Graph Representation Learning, Deep Generative Models on Graphs, and Multiresolution Machine Learning

Son Hy Truong, University of Chicago

Description: Graph neural networks (GNNs) utilizing various ways of generalizing the concept of convolution to graphs have been widely applied to many learning tasks, including modeling physical systems, finding molecular representations to estimate quantum chemical computation, etc. Most existing GNNs address permutation invariance by conceiving of the network as a message passing scheme, where each node sums the feature vectors coming from its neighbors. We argue that this scheme imposes a limitation on the representation power of GNNs such that each node loses their identity after being aggregated by summing. Thus, we propose a new general architecture called Covariant Compositional Networks (CCNs) in which the node features are represented by higher order tensors and transform covariantly/equivariantly according to a specific representation of the symmetry group of its receptive field. Experiments show that CCNs can outperform competing methods on standard graph learning benchmarks and on estimating the molecular properties calculated by computationally expensive Density Functional Theory (DFT). This novel machine learning approach allows scientists to efficiently extract chemical knowledge and explore the increasingly growing chemical data.
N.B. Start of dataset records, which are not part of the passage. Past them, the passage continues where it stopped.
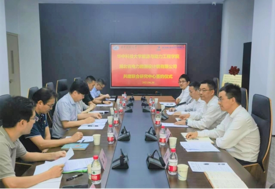 6月30日下午,湖北省电力勘测设计院有限公司党委书记、董事长屠建华一行访问yl23455永利。湖北院总经理助理付磊、科技信息与质量部主任黄洪波、科创中心总经理康慨和副总经理唐畅,公司党委书记姚洪、副经理方海生、煤燃烧与低碳利用全国重点实验室副主任于敦喜、经理助理程强、涂正凯研究员、温昶副教授、陈晟副研究员等人参与会谈。温昶副教授首先向与会专家介绍了联合研究中心的建设目标和主要研究内容。科学技术发展院副处长管晓霞与湖北院科技信息与质量部主任黄洪波签署了联合研究中心共建协议,姚洪书记和屠建华董事长共同为联合研究中心揭牌。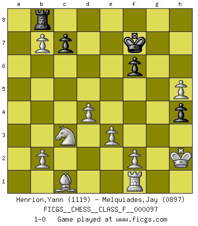 Last move : 1-0 2011 July 5 19:18:50 [Event "FICGS__CHESS__CLASS_F__000097"] [Site "FICGS"] [Date "2011.05.25"] [Round "1"] [White "Henrion,Yann"] [Black "Melquiades,Jay"] [Result "1-0"] [WhiteElo "1119"] [BlackElo "0897"] 1.d4 d5 2.c4 f6 3.Nc3 Nc6 4.e3 e6 5.cxd5 exd5 6.Bb5 Nge7 7.Nf3 a6 8.Bxc6+ Nxc6 9.O-O Bb4 10.a3 Bg4 11.axb4 Qd7 12.h3 Bh5 13.b5 g5 14.g4 Bxg4 15.hxg4 Ne7 16.bxa6 Ng6 17.axb7 Rb8 18.Ra8 O-O 19.Rxb8 Rxb8 20.Qb3 h5 21.Qxd5+ Qf7 22.Qxf7+ Kxf7 23.gxh5 Nh4 24.Nxh4 gxh4 25.Kh2 1-0 Queen's Gambit Kingside Castling by player White (move 9) Kingside Castling by player Black (move 18) Player White won this chess game. Follow this game move after move (download)Bobby Fischer is the greatest Chess genius of all time ! (Alexander Kotov) Alle Schachspieler sollten auch ein Hobby haben. (Savielly Grigorievitsch Tartakower) El Ajedrez no es una pizca de inferior al violín, y tenemos un gran número de violinistas profesionales. (Mikhail Botvinnik) Les Echecs, c'est l'art de la guerre sans les charniers, c'est la résurrection des morts tombés au champ d'honneur, l'espoir perpétuel, la suprématie de l'intelligence sur la force, la culture de l'esprit. (F. Szpiner) War is the child of passion, passion is the child of narcissism and narcissism is the child. (...) Another game ? (Thibault de Vassal)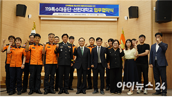 [아이뉴스24 이진우 기자] 선린대학교(총장 곽진환)는 경상북도 119특수대응단(단장 백승욱)과 함께 14일 경상북도 119특수대응단 2층 대회의실에서 재난 대응 능력 향상 및 관·학 협력 강화를 위한 업무 협약식을 개최했다.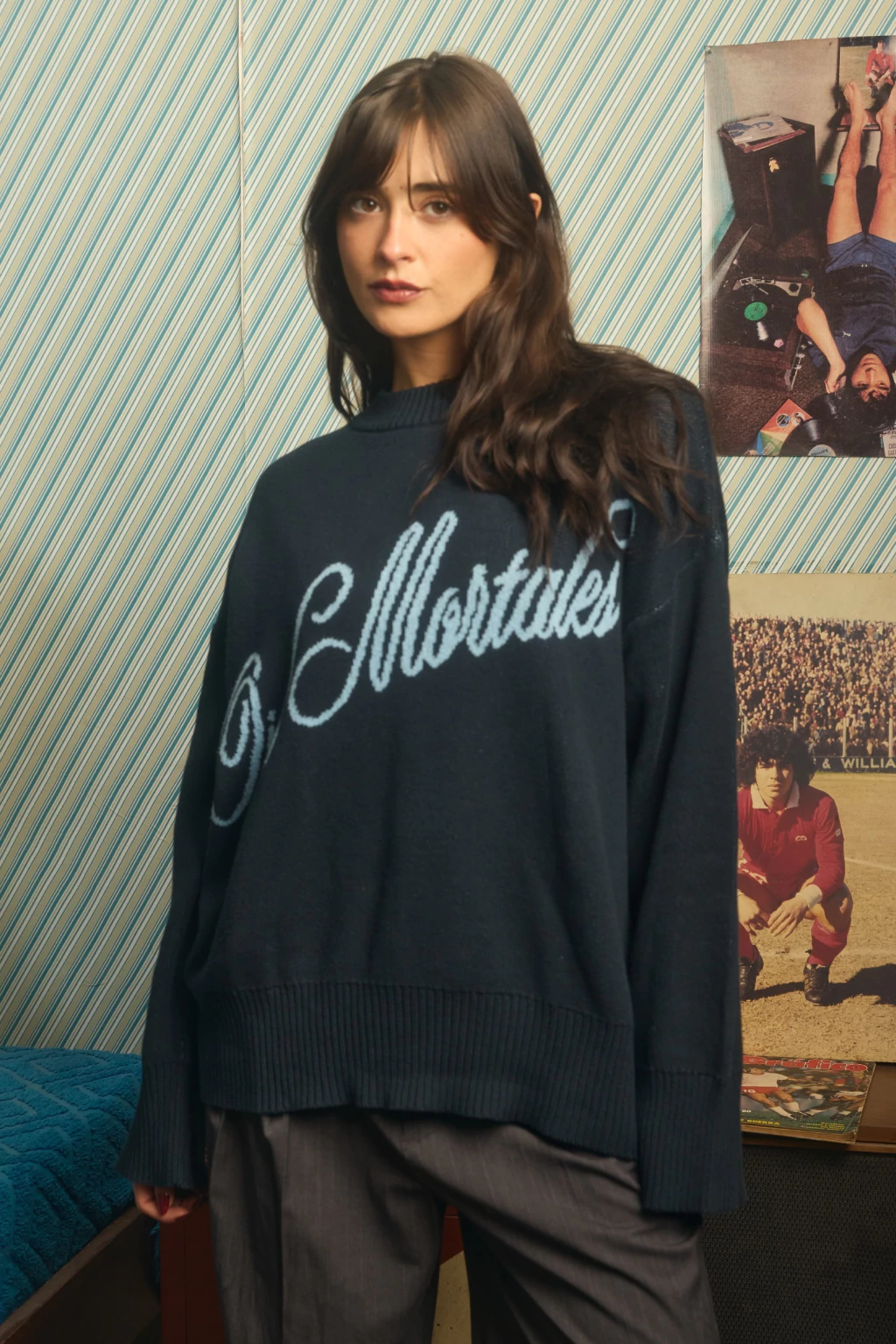 • Sweater boxy fit azul marino. Diseño estilo jacquard en el frente.

Understanding graphs in a multiscale perspective is essential for capturing the large-scale structure of molecules, proteins, genomes, etc. For this reason, we introduce Multiresolution Equivariant Graph Variational Autoencoder (MGVAE), the first hierarchical generative model to learn and generate graphs in a multiresolution and equivariant manner. MGVAE is built upon Multiresolution Graph Network (MGN), an architecture which explicitly learns a multilevel hard clustering of the vertices, leading to a true multiresolution hierarchy. MGVAE then employs the hierarchical variational autoencoder model to stochastically generate a graph in multiple resolution levels given the hierarchy of latent distributions. Our proposed framework achieves competitive results with several generative tasks including general graph generation, molecule generation, unsupervised molecular representation learning, link prediction on citation graphs, and graph-based image generation. Future applications of MGVAE range from lead optimization enhancing the most promising compounds in drug discovery to finding stable crystal structures in material science.
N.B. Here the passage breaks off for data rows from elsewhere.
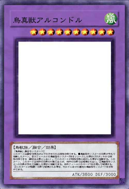 | 「鳥真獣」融合モンスター×2 このカードは融合召喚及び以下の方法でのみ特殊召喚できる。●鳥獣族モンスターの効果が手札で発動したターン、自分フィールドの鳥獣族モンスター3体をリリースした場合にEXデッキから特殊召喚できる(融合は必要としない)。①このカードが特殊召喚に成功した場合に発動する。このターン、このカードは相手の効果の対象にならず、相手の効果では破壊されない。②鳥獣族モンスターの効果が手札で発動した場合に発動できる。相手フィールドのカード1枚を選んで破壊する。 ③このカードが戦闘・効果で破壊される場合、代わりに自分の墓地の鳥獣族モンスター1体を除外できる。 | |||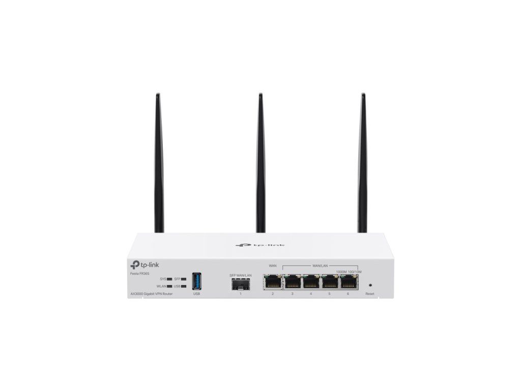 TP-Link Festa FR365 gigabit Multi-WAN VPN WiFi6 router with support for central management via Festa cloud or Festa app. The router has 5x gigabit ETH ports in a layout of 1× WAN, 4× WAN/LAN and for optical connectivity 1x SFP WAN/LAN port. Multiple WAN ports allow you to set up Load Balancing or Failover connection backup. A USB WAN port can be used for mobile network backup, which allows the use of a 4G/3G modem. The router features dual-band WiFi 6 with speeds up to 2402 Mbps in 5 GHz and 574 Mbps in 2.4 GHz. The router offers a wide range of VPN connectivity options with support for IPSec, PPTP, L2TP and OpenVPN, and the fanless design ensures quiet operation. Key Features - Dual-band WiFi 6 with speeds up to 2402 Mbps in 5 GHz and 574 Mbps in 2.4 GHz - Centralized management via Festa cloud or app - Multi-WAN with Load Balancing and Failover support - USB WAN port enabling 3G/4G modem use - VPN - IPSec, PPTP, L2TP and OpenVPN - Silent operation Package contents - Device - 12V/2A power adapter - Quick installation guideAdditional parameters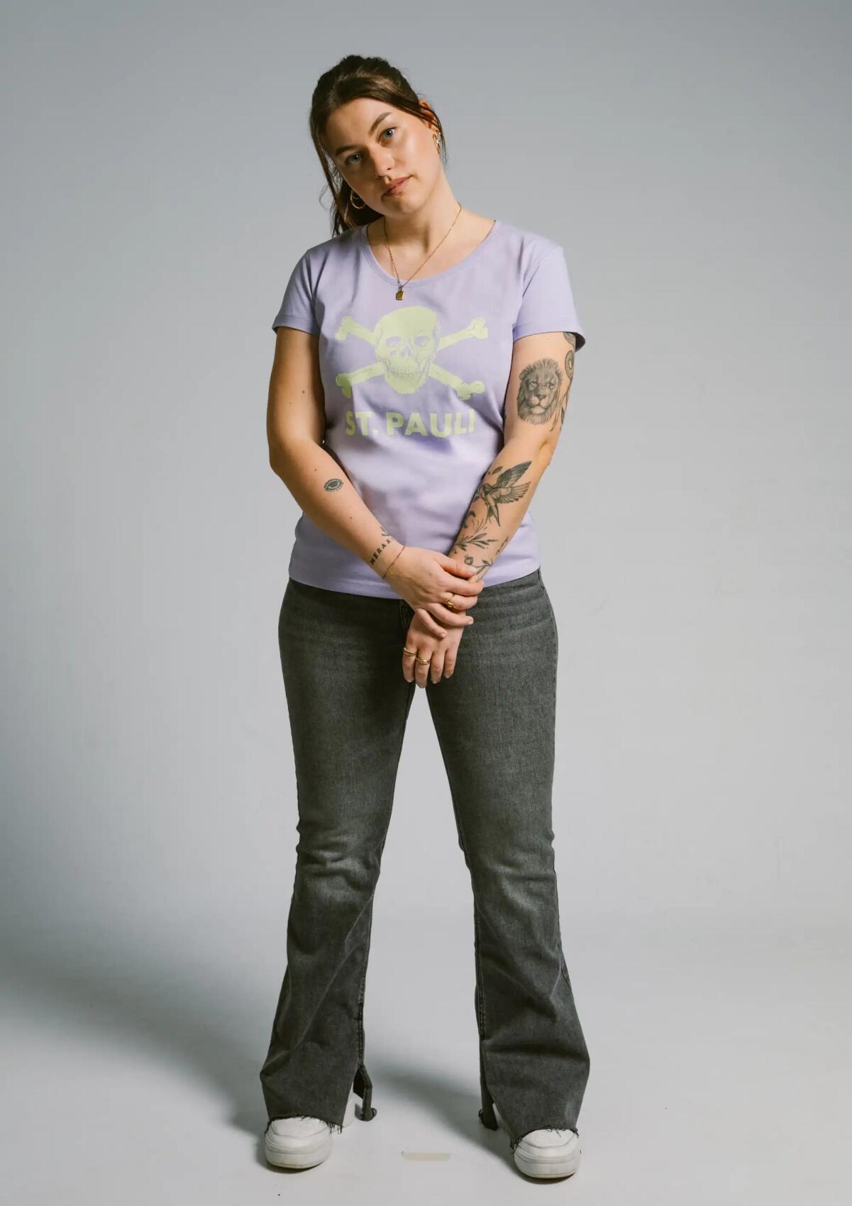 Das taillierte FC St. Pauli T-Shirt „Lavender / Lime“ verbindet klare Fan-Symbolik mit einer femininen, körpernahen Passform. Der Lavendelton bildet die ruhige Basis, während der Lime-farbene Totenkopf-Print auf der Vorderseite einen starken Kontrast setzt. Das klassische Skull-&-Crossbones-Motiv mit „ST. PAULI“ Schriftzug steht seit Jahrzehnten für die Haltung und Kultur rund um den Stadtteilclub.Der taillierte Schnitt und der etwas weiter ausgeschnittene Rundhalsausschnitt sorgen für eine moderne Silhouette und machen das Shirt zu einem vielseitigen Teil urbaner Fanwear. Ob im Stadion, im Alltag oder kombiniert mit Streetwear-Looks – das T-Shirt bringt die Symbolik des FC St. Pauli klar und reduziert auf den Punkt.Ein FC St. Pauli T-Shirt für alle, die Fußballkultur, klare Haltung und unkomplizierten Stil miteinander verbinden.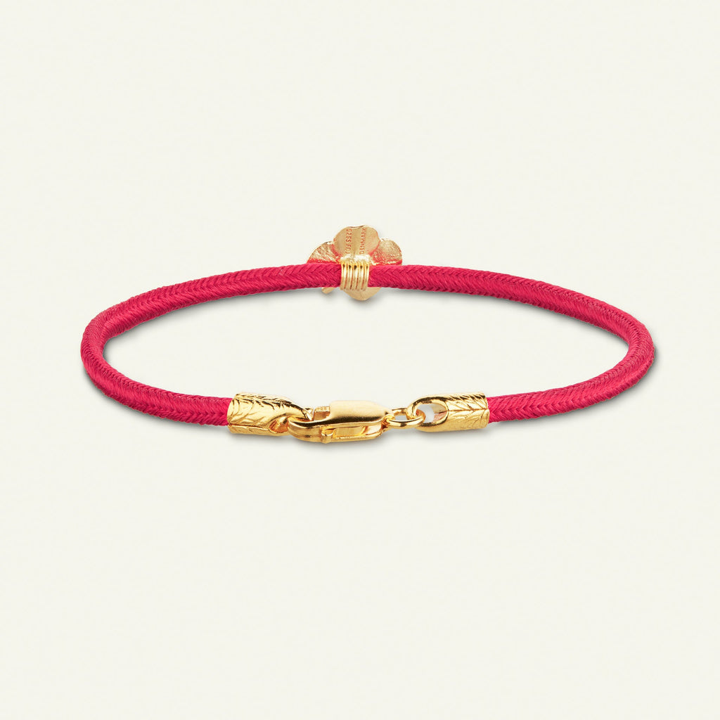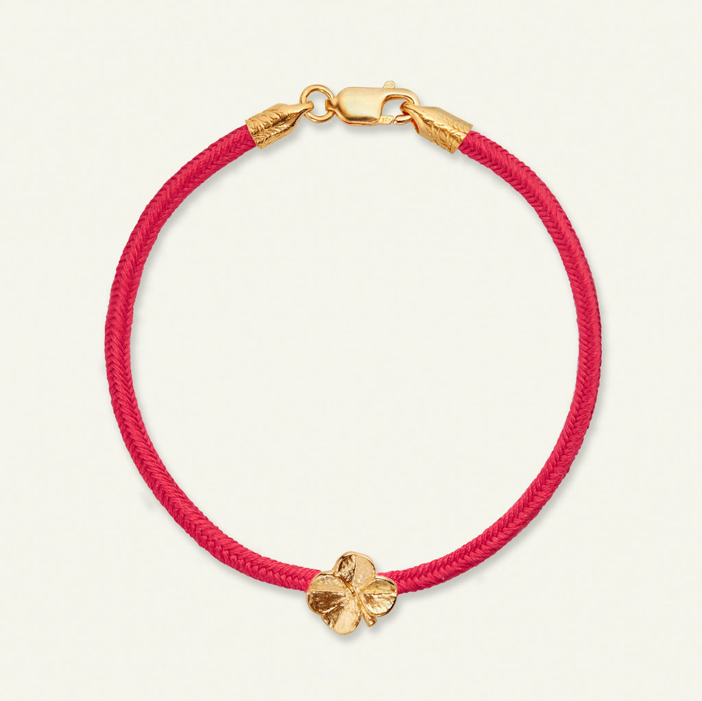 Flora Danicas firkløver kumihimo-silkearmbånd er laget av 100 % resirkulert sterlingsølv og belagt med 22 karat gull. Armbåndet er laget av 100 % japansk silke og håndlaget i Kyoto.

Multiresolution Matrix Factorization (MMF) is unusual amongst fast matrix factorization algorithms in that it does not make a low rank assumption. This makes MMF especially well suited to modeling certain types of graphs with complex multiscale or hierarchical structure. While MMF promises to yield a useful wavelet basis, finding the factorization itself is hard, and existing greedy methods tend to be brittle. Therefore, we propose a learnable version of MMF that carefully optimizes the factorization with a combination of Reinforcement Learning and Stiefel manifold optimization through back-propagating errors. Based on the wavelet basis produced by MMF when factorizing the normalized graph Laplacian, a wavelet network learning graphs on the spectral domain is constructed with the graph convolution defined via the sparse wavelet transform. We have shown that the wavelet basis resulted from our learnable MMF far outperforms prior MMF algorithms, and the corresponding wavelet networks yield state of the art results on standard node classification on citation graphs and molecular graph classification. This is a promising direction to understand and visualize complex hierarchical structures such as social networks and biological data.